◆ **What is required**
Go through the entries below and retype them exactly, omitting each picture.

(Stored dataset items)
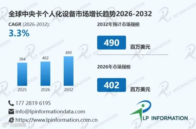 据LP Information调研团队最新报告“ 全球中央卡个人化设备市场增长趋势2026-2032-LP Information ”显示,2025年全球中央卡个人化设备市场规模大约为384百万美元,预计2032年达到490百万美元,2026-2032期间年复合增长率(CAGR)为3.3%。
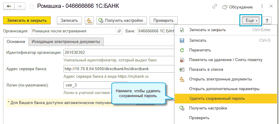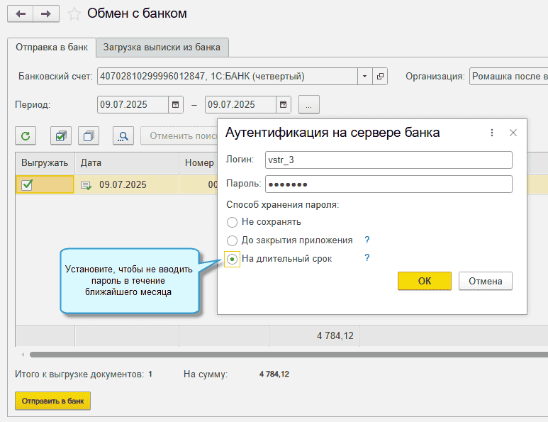 В программе «1С:Бухгалтерия 8» начиная с версии 3.0.179 добавлена возможность не вводить пароль при обмене с банком через 1С:ДиректБанк в течение месяца. Она доступна для обмена с банками (кроме Сбербанка), у которых двойная аутентификация – по паролю и SMS.
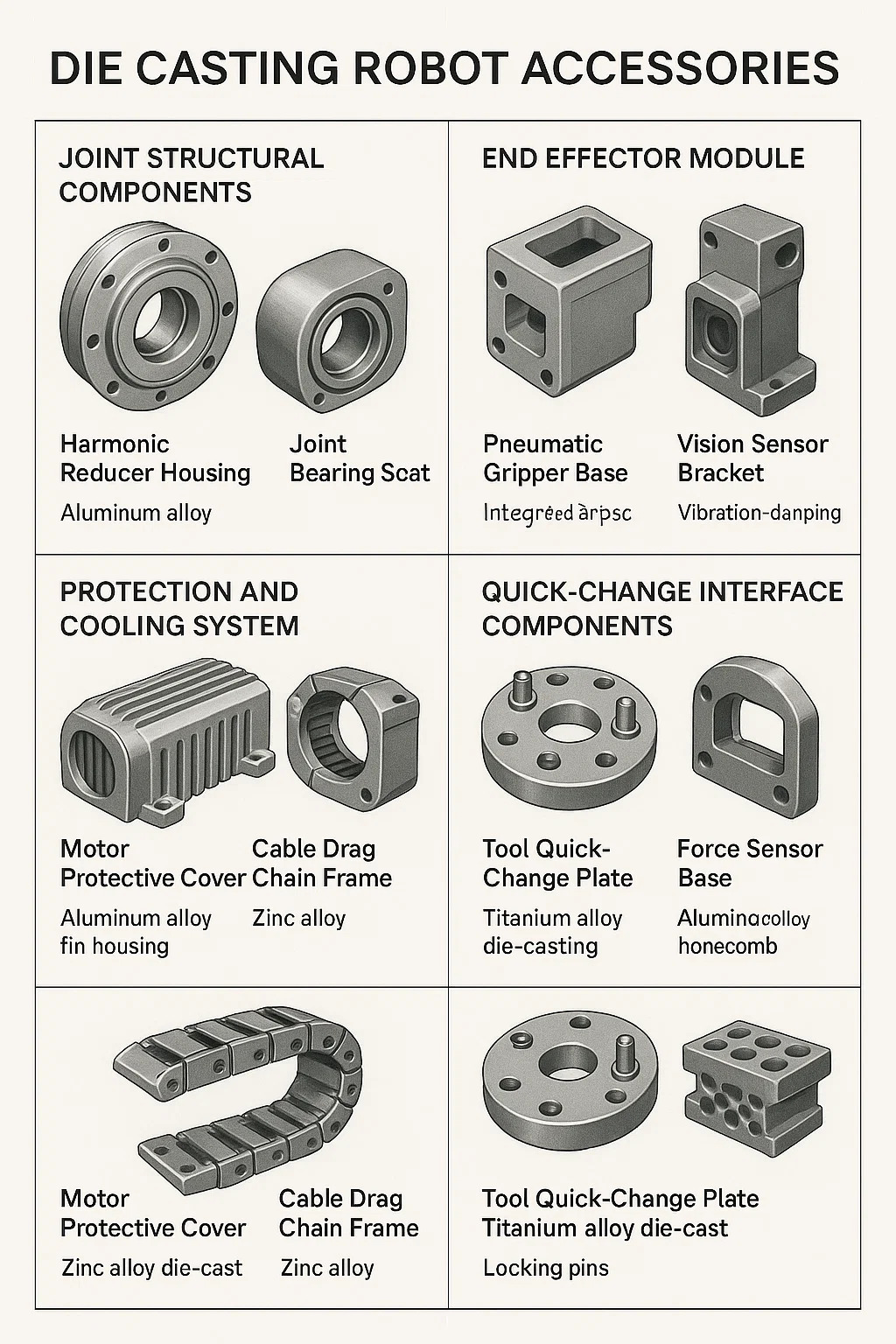 Accessoires pour robots de moulage sous pression sont des composants métalliques à noyau fabriqués selon un processus de moulage à haute pression. Ils répondent aux exigences fondamentales des robots industriels, notamment la précision, la légèreté et la durabilité. Les principales applications et fonctionnalités sont les suivantes :
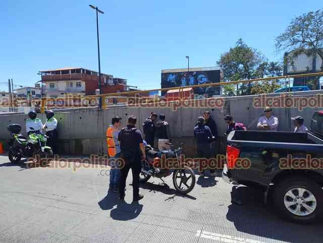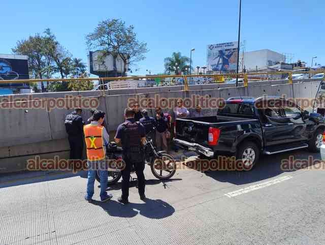 Xalapa, Ver., 27 de febrero de 2024.- Un motociclista chocó por alcance contra una camioneta en la avenida Lázaro Cárdenas, en la lateral del puente Bicentenario. No requirió ser llevado a un hospital. Elementos de Tránsito tomaron conocimiento del percance.
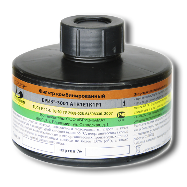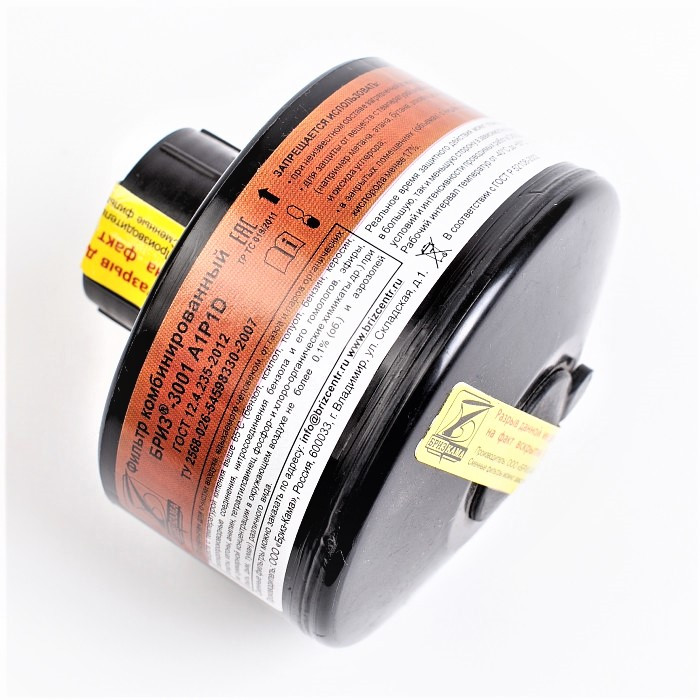 Фильтр комбинированный Бриз-3001 A1P1 R D Черный8 500Купить!тг. Маркетплейс: Satu.kz SAULET ASTANA спецодежда Доставка: по Казахстану ПожаловатьсяФильтр комбинированный серии «Бриз-3001» A1P1 R D применяется для очистки выдыхаемого загрязненного воздуха от: паров и газов органических веществ с температурой кипения выше 65°С (например, бензол, к еще→силол, толуол, бензин, керосин, галоидорганические соединения, нитросоединения бензола и его гомологов, эфиры, спирты, кетоны, анилин, тетраэтилсвинец, фосфор- и хлорорганические
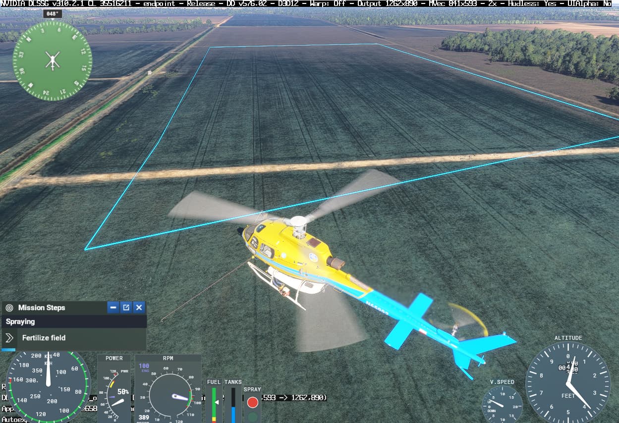 - Most fields selected by the algorithm are just way too small to be realistically/economically be sprayed by helicopter. This may be due to the inability to refill once the spray tank runs out, see Helicopter agricultural mission ends when out of spray instead of refilling

◆ **Response for this exercise**
 据LP Information调研团队最新报告“ 全球中央卡个人化设备市场增长趋势2026-2032-LP Information ”显示,2025年全球中央卡个人化设备市场规模大约为384百万美元,预计2032年达到490百万美元,2026-2032期间年复合增长率(CAGR)为3.3%。
 В программе «1С:Бухгалтерия 8» начиная с версии 3.0.179 добавлена возможность не вводить пароль при обмене с банком через 1С:ДиректБанк в течение месяца. Она доступна для обмена с банками (кроме Сбербанка), у которых двойная аутентификация – по паролю и SMS.
 Accessoires pour robots de moulage sous pression sont des composants métalliques à noyau fabriqués selon un processus de moulage à haute pression. Ils répondent aux exigences fondamentales des robots industriels, notamment la précision, la légèreté et la durabilité. Les principales applications et fonctionnalités sont les suivantes :
 Xalapa, Ver., 27 de febrero de 2024.- Un motociclista chocó por alcance contra una camioneta en la avenida Lázaro Cárdenas, en la lateral del puente Bicentenario. No requirió ser llevado a un hospital. Elementos de Tránsito tomaron conocimiento del percance.
 Фильтр комбинированный Бриз-3001 A1P1 R D Черный8 500Купить!тг. Маркетплейс: Satu.kz SAULET ASTANA спецодежда Доставка: по Казахстану ПожаловатьсяФильтр комбинированный серии «Бриз-3001» A1P1 R D применяется для очистки выдыхаемого загрязненного воздуха от: паров и газов органических веществ с температурой кипения выше 65°С (например, бензол, к еще→силол, толуол, бензин, керосин, галоидорганические соединения, нитросоединения бензола и его гомологов, эфиры, спирты, кетоны, анилин, тетраэтилсвинец, фосфор- и хлорорганические
 - Most fields selected by the algorithm are just way too small to be realistically/economically be sprayed by helicopter. This may be due to the inability to refill once the spray tank runs out, see Helicopter agricultural mission ends when out of spray instead of refilling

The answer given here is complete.